(1.) Floods.
Floods have doubtless been always prevalent in New Zealand; with its peculiar geological formation and its abundant rainfall it could not be otherwise. But with the removal of the bush they have assumed a form unknown before, both in regard to their magnitude and their power of destruction.
In its virgin state—before it is invaded by cattle—the New Zealand bush forms a natural storage for rain-water, and supplies an effective safeguard against excessive floods. Even in the most torrential downpour a large proportion of the rain never reaches the ground. The dense canopy formed by the tops of the trees breaks up the heavy drops into a fine dew, part of which is at once absorbed by the foliage. Of the rest, some is caught by the epiphytes and parasitic plants that clothe the limbs and trunks, or by the ferns and mosses and seedling plants, and the thick coating of humus, the decayed logs, and fallen leaves that cover the floor, where it is held in suspension till evaporation takes place.

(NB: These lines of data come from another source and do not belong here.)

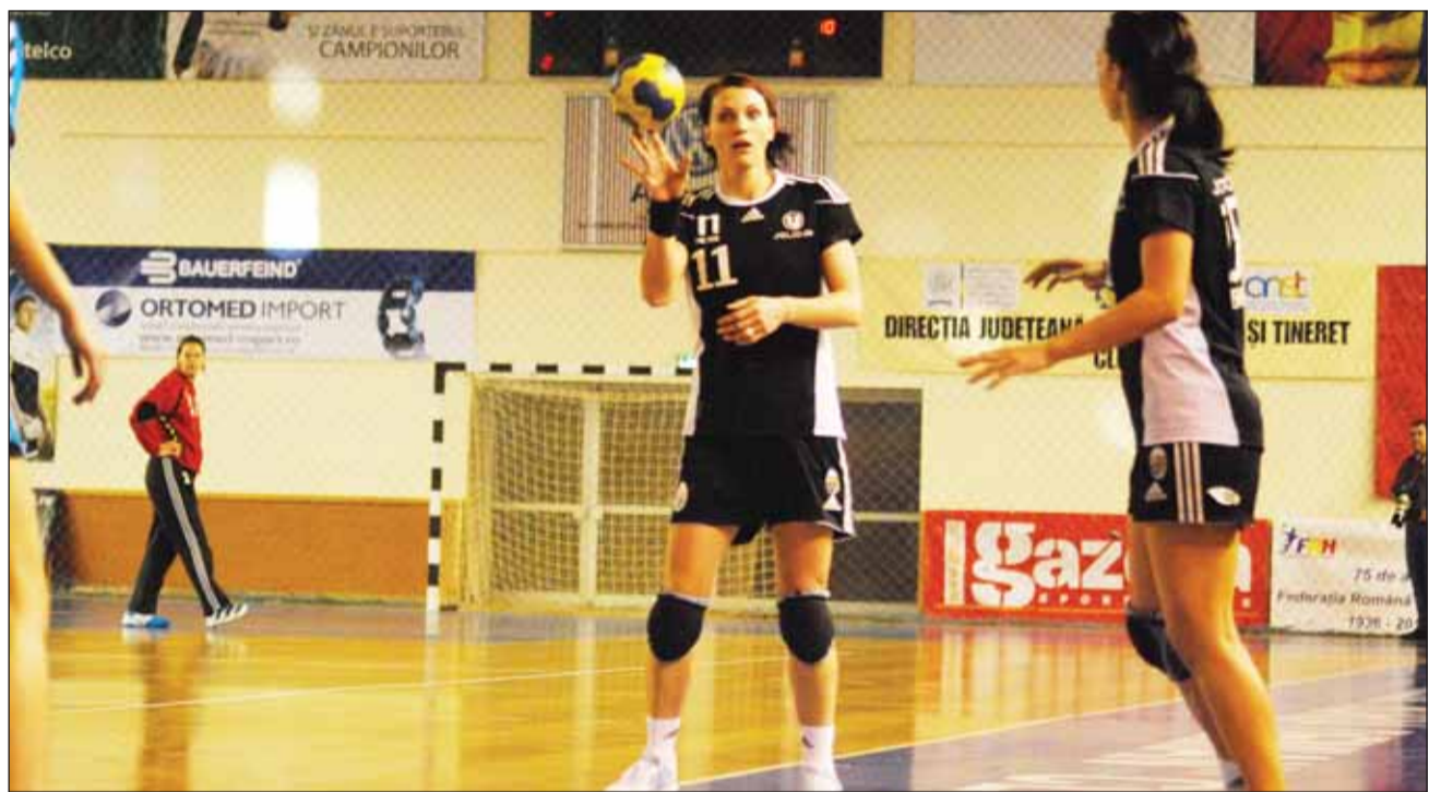
Handbalistele de la „U” Jolidon vor avea mâine o misiune dificilă
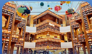
ต๋องสมุดสตาร์ฟิค
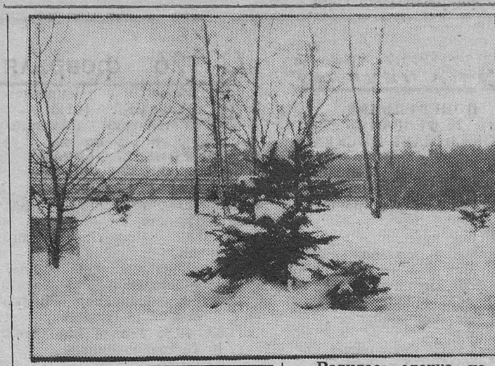
Родилась елочка, но не в лесу.

18.50 Футбольное обозрение. 19.30 КВН-ассорти. 20.05 Герои Дюма в приключенческой комедии «Четыре мушкетера». 22.00 Воскресенье. 23.00 Детективное агентство «Лунный свет». 0.05 Любовь с первого взгляда. 0.40 Все звезды. 1.10 «Три ненастных дня», телефильм. КАНАЛ «РОССИЯ» 8.00, 14.00, 20.00, 23.00 Вести. 8.25 Что день грядущий... 8.30 Теремок. 8.45 Первый дубль. 9.00 Ретро-шлягер. А. Пахмутова. 9.30 Хроно. 10.00 Доброе утро, Европа. 10.30 Аты-баты... 11.00 Вести в одиннадцать. 11.15 Русское лото. 11.55 Сигнальный экземпляр. 12.05 Амика веритас. 12.35 Футбол без границ. 13.15 Театр моей памяти. Программа В. Смехова. 13.45 Горячая десятка.
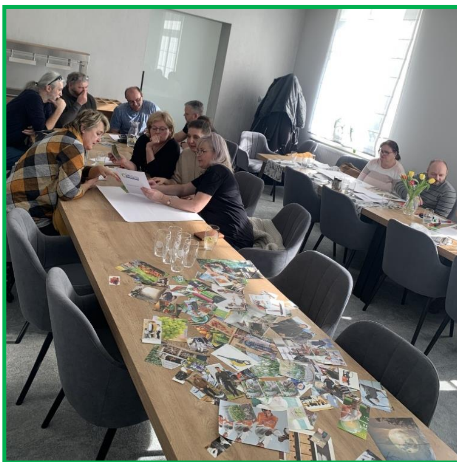
Obr. č. 9 – Tvorba prezentácií v rámci komunikačných zručností
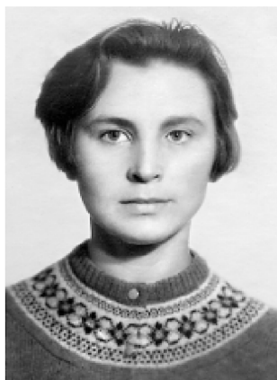
Felicija Nijolė Sadūnaitė.

3 užduotis. Susipažinkite su lietuvių kovotojos už žmogaus teises ir Lietuvos laisvę vienuolės Felicijos Nijolės Sadūnaitės pristatymu. Perskaitykite jos apologijos (gynimosi kalbos) ir paskutinio kaltinamosios žodžio ištraukas ir bendradarbiaudami atlikite užduotis.
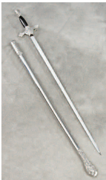
Épée à manche noir et fourreau
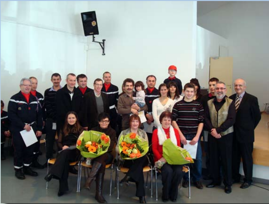
Réception du Nouvel An, le 3 janvier 2010 : pompiers et donneurs de sang diplômés
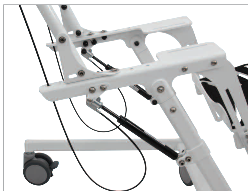
Trinnløs 35° tiltbar vinkeljustering på HM Hygieneunderstell
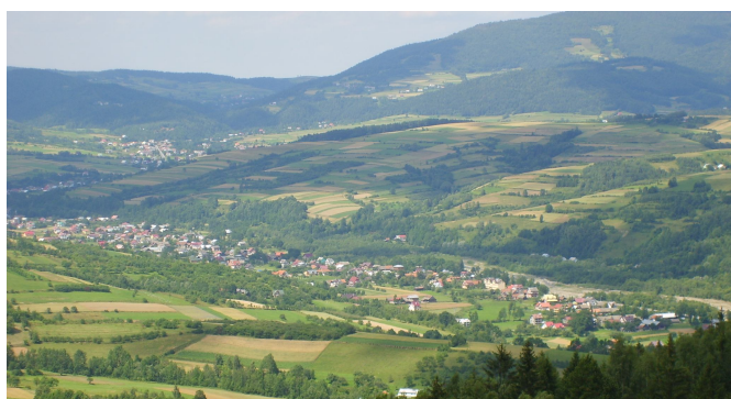
Ryc. 10. Przykład centrum wiejskiego (Kamienica, Polska)

Definicja. Jednostki osadnicze o określonych granicach administracyjnych, nieposiadające formalnego statusu miasta, pełniące rolę centrum administracyjnego nie tylko dla siebie samych, ale również dla innych jednostek o określonych granicach administracyjnych.
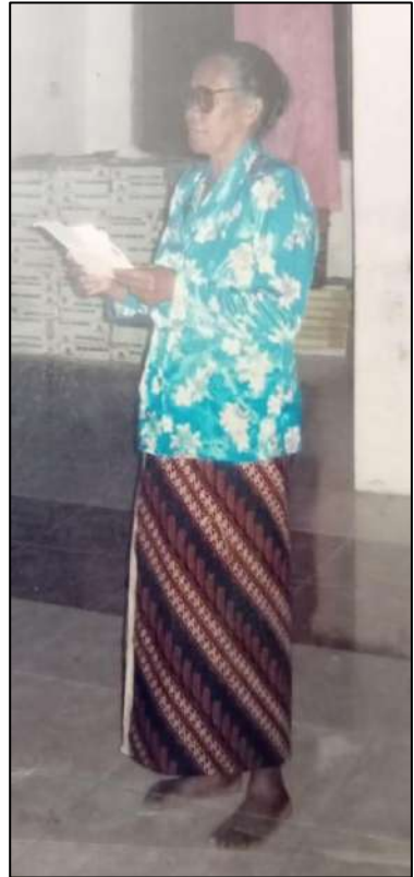
Foto-Foto Doeloe Perhatikan solois – mereka tanpa kasut masuk gedung gereja
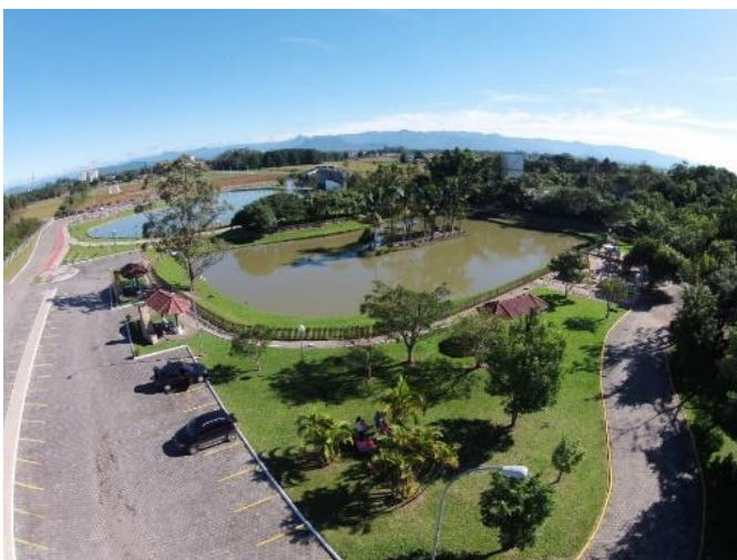
Figure 10 - Parque Ecológico São Francisco de Assis e Praça do Centenário.
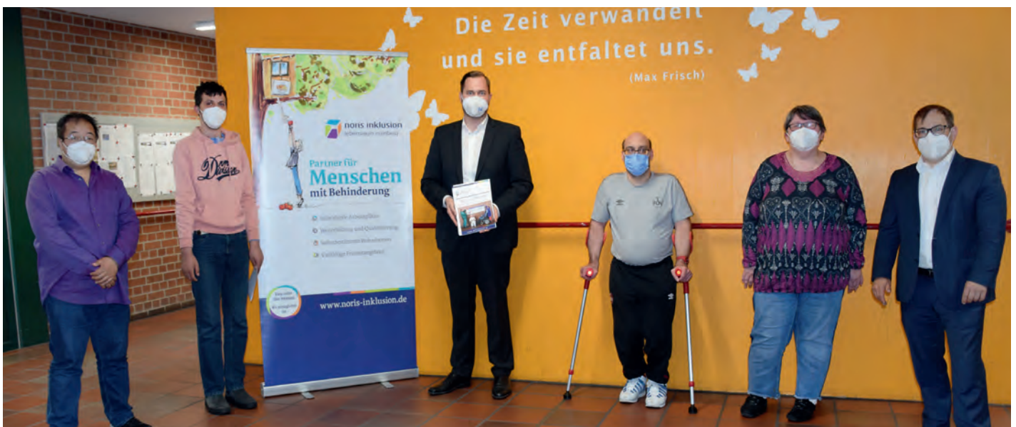
WICHTIG: Konstruktiver Austausch zwischen Werkstatt und Politik im Werk Süd von noris inklusion.
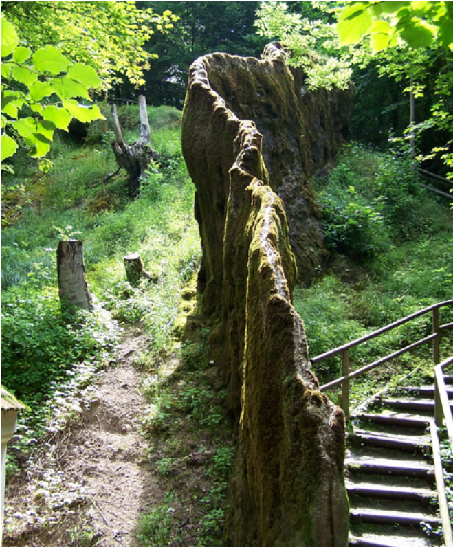
Wachsender Felsen Usterling / Helmut Höbler

Unter dem Motto „Ganz meine Natur!“ wird in dem von der EU geförderten Projekt „LIFE living Natura 2000“ auf die Bedeutung von Schutzgebieten in Bayern verstärkt aufmerksam gemacht. Die Bayerische Akademie für Naturschutz hat für die Kommunikation des Themas Natura 2000 in Bayern im Rahmen des genannten Projektes die Federführung übernommen.
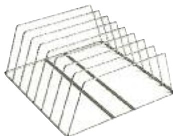
Backbleche Einsatz für 8 Backbleche Masse: 500/500 mm - aus CNS Best.-Nr. H324660 CHF 230.- / R 3
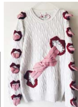
Litfögur sleikpeysa sem vekur athygli.
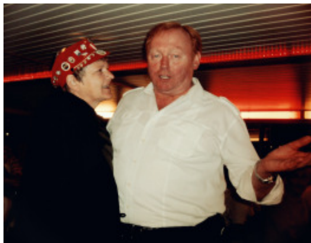
Vi kører som sagt 25.aug. - 29.aug. 2016
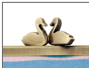
スワン柄 チャーム
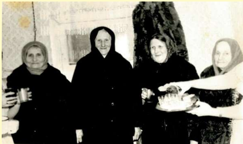
Старшее поколение соблюдало обычаи старины. Так, поздравить молодых на свадьбе непременно приходили старожилы деревни. По традиции, поздравляющим полагались особое почтение и угощение. Фото 1980-х годов.
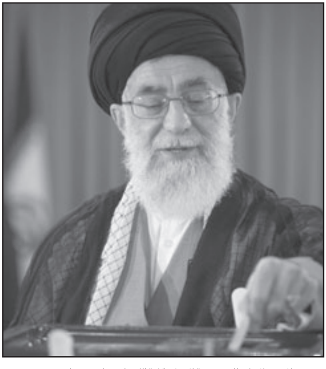
المرشد الأعلى للجمهورية الإيرانية آية الله علي خامنئي يدي بصوته

المعارض وزيادة للنشاطات النووية. ويعتقد أن خسارة نجاد سيتم الترحيب بها خاصة من الغرب، على أنها إشارة لابتعاد إيران عن سياسته. ويرى أن اللبنانيين كانت امامهم الفرصة للتصويت ضد حزب الله على خلاف الإيرانيين الذين لا يمنحون نفس الفرصة.
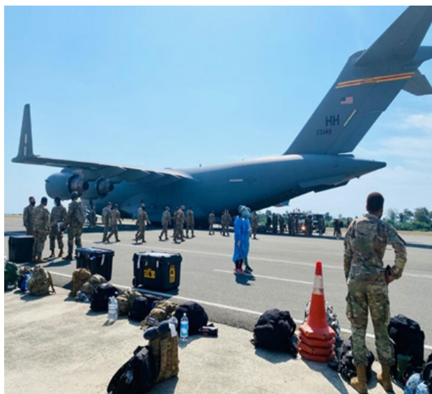
Figura N° 3: Tropas del 412 th Theater Engineer Command (TEC), arriban en una aeronave C-17 al Aeropuerto Nicolau Lobato en Dili, Timor Leste en julio de 2021.
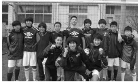
大久野中学校「サッカー部」

僕達サッカー部は2年生7名、1年生9名の計16名で活動しています。今の3年生はサッカー部員がいないため、1年生が入ってくるまでは試合出来る人数がいませんでした。でも今の1年生にサッカーが好きの子が多かったため、入部が多く、やっと試合が出来る人数になりました。なので、夏はサッカーに集中し、冬は体力作りなどを重視して1年生も2年生も頑張っています。特に2年生は、試合が出来る機会が少なかつたため、試合になるとすぐ力が入ります。一方練習では、お互いにプレッシャーがかからないよう、すごく
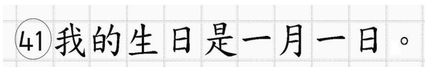
Рис.16. Образец написания иероглифических знаков

Бланк ответов № 2 (лист 1 и лист 2) по китайскому языку (рис. 14 и рис. 15) предназначен для записи ответов на задания КИМ для проведения ЕГЭ с развернутым ответом по китайскому языку (строго в соответствии с требованиями инструкции к КИМ для проведения ЕГЭ и к отдельным заданиям КИМ). Каждый иероглифический знак и каждый знак препинания следует писать внутри отдельной клетки в поле ответов бланка ответов № 2 (дополнительного бланка ответов № 2) (рис. 16).

And here it may be

remarked that in the regions in which there is the greatest amount of precipitation nature has provided, in the thick turfy mould, as well as in the denser growth of the ferns, mosses, &c., a proportionately greater vehicle for the absorption and retention of the moisture. A considerable quantity of the water soaks into the soil, to be taken up as it is required by the roots of the growing trees, or to filter down to supply the springs that feed the head-waters of the streams; while the remainder — but a small portion of what has left the clouds — trickles gently down to the nearest outlet.
The removal of the forest quickly changes all these conditions. The first thing to happen is the erosion of the surface. No longer held back by the vegetable growth, the storm-water flows off the hillside like rain off the roof of a house, carrying away the ashes of the burnt timber with what is left of the rotted humus, channelling the lighter soil with frequent watercuts, and bodily removing the most fertile portions. Then, as the network of roots decay, landslips occur in the steeper places—it is not unusual for a whole hillside to slide away into a gully—when the débris will be swept down, scouring the bed and sides of the creek, and covering the land below with a deposit of rocks and clay. When the ground affected forms part of a mountain district of large area, in which the creeks have a long course and several branching confluents, it often happens that the débris from a side creek or blind gully will form a temporary dam in the bed of the main stream. If this occur while heavy rain is still falling, a lake is immediately formed by the water from the hills above; and before long the obstruction carries away, when all the mineral detritus, together with the wreck of the ruined forest, is borne down by the foaming torrent to spread destruction below. Just such a catastrophe occurred among the Tokatea Ranges in 1882, when every bridge in Coromandel was carried away and kauri logs were stranded in the main street.
The most destructive floods occur when the water from an elevated region has to traverse a level country before reaching the sea, and the longer the course the greater is the damage. The floods which inundated the City of Paris in December last year (1909) are a case in point. The water was supplied by the unseasonable melting of the snow on the lofty plateau of Langres, where the River Seine takes its rise; but the fact that much of the plateau had been recently cleared of forest caused the water to run down much more quickly than it would otherwise have done, when the winding channel through the level country was unable to carry it off.
An instance more familiar to most of us is that of the great floods that took place in the Hawke's Bay and Palmerston districts in 1893, and again two or three years later. Phenomenally heavy rains had fallen along the watershed inland and down to Cook Strait. Every creek and river was flooded to an unusual height, and where, as in the Hawke's Bay District, a wide extent of level country intervened between the hills and the sea the same thing occurred as that which happened in the valley of the Seine. Rivers left their beds and cut new channels through the plains; from Napier to Wanganui roads and railways were cut through, and bridges and culverts were swept away; stock was drowned; and farms and townships were laid under water. People said that the height of the flood was unprecedented. Possibly it was; but there is no doubt that the ununusual height was in a great measure due to the increasing extent of clearing on the high lands where the rivers have their origin.

As time goes on, phenomenal floods will occur again, and former records will be beaten; for as the hills become more denuded the floods will become proportionately more destructive. It would be wise, therefore, for the Napier people to take warning from past experience, and make more ample provision for the egress of the water from the lagoon into which several large rivers discharge themselves, as it is quite within the bounds of possibility that it may cut its way through the lower portion of the township, or perhaps carry away the harbour-works at the Spit.